7. How we protect your data

We use appropriate technical and organisational measures, such as:

• Secure servers and HTTPS encryption
• Password protection and access controls
• Employee confidentiality agreements and training
• Continuous monitoring for vulnerabilities and attacks
• Regular reviews of our privacy controls

Despite our efforts, transmission over the internet is never completely secure. Use our Services at your own risk.

8. Your rights under GDPR

You may exercise the following rights by contacting privacy@comode.fr:

• Withdraw consent
• Object to processing
• Access your data
• Request erasure
• Restrict processing
• Data portability
• Rectification of inaccurate data
• Lodge a complaint with the supervisory authority

We may take reasonable steps to verify your identity before responding. We aim to respond within one month.

9. Cookies and tracking

We use cookies and similar technologies to provide a user-friendly experience, remember preferences and analyze performance. See our Cookies Policy for details and manage your preferences.

10. Complaints

If you have concerns about how we handle your data, contact us at privacy@comode.fr. You may also reach the French data protection authority (CNIL) at www.cnil.fr.

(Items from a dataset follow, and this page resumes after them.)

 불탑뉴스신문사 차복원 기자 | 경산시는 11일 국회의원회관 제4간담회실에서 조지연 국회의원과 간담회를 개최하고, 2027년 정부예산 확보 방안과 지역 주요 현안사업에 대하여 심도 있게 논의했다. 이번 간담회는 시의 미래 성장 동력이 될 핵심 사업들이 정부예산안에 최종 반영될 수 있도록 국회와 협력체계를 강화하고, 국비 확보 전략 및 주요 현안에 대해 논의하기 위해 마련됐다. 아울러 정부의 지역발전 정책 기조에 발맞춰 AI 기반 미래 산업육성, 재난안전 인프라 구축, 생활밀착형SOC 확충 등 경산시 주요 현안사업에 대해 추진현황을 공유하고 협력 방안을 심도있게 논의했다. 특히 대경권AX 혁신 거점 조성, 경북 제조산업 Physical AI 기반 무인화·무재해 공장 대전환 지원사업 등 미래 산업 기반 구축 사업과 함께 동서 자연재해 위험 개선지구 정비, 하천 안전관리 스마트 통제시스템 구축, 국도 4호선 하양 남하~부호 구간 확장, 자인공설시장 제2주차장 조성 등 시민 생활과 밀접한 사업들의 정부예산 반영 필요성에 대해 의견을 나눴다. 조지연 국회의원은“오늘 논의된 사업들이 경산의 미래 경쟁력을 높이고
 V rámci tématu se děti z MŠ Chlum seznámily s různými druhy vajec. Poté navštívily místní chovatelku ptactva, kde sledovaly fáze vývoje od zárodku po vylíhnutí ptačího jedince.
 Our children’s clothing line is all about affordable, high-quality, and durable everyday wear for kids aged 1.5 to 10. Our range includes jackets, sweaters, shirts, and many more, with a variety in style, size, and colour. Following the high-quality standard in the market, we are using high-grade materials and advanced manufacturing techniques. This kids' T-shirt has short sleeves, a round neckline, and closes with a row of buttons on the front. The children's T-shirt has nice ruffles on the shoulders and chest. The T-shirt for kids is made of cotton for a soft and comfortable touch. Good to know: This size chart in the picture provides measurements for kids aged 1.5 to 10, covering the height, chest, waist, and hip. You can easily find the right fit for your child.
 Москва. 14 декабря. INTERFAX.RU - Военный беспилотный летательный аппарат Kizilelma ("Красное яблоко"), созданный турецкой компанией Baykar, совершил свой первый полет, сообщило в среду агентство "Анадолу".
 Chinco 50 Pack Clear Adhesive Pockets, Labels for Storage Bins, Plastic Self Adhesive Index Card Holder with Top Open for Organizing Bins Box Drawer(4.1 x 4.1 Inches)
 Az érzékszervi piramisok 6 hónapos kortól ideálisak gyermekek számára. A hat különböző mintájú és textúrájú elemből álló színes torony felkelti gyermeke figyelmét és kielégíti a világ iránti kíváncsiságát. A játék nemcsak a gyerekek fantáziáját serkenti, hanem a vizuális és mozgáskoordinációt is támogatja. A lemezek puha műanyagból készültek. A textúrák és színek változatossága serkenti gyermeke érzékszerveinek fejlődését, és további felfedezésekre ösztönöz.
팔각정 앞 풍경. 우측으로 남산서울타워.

11. Information for California residents

Under the California Consumer Privacy Act (CCPA), you have rights to:

• Know what personal information we collect
• Request disclosure or deletion of your personal information
• Opt out of its sale (CO.MODE does not sell personal data)

To exercise these rights, email privacy@comode.fr. We will respond within 45 days.

12. Information for Brazilian residents

Under the Lei Geral de Proteção de Dados (LGPD), Brazilian residents have rights to:

• Confirm the existence of processing
• Access, correct, anonymize or delete data
• Portability and information about shared data
• Revoke consent or lodge a complaint with the ANPD

Data may be transferred outside Brazil when necessary for service provision, legal obligations, public policy or other lawful bases. Requests may be sent to privacy@comode.fr.

13. Changes to this Policy

Any updates will be posted on this page and, where appropriate, notified via email or in-app messages. Continued use of the Services after changes constitutes acceptance.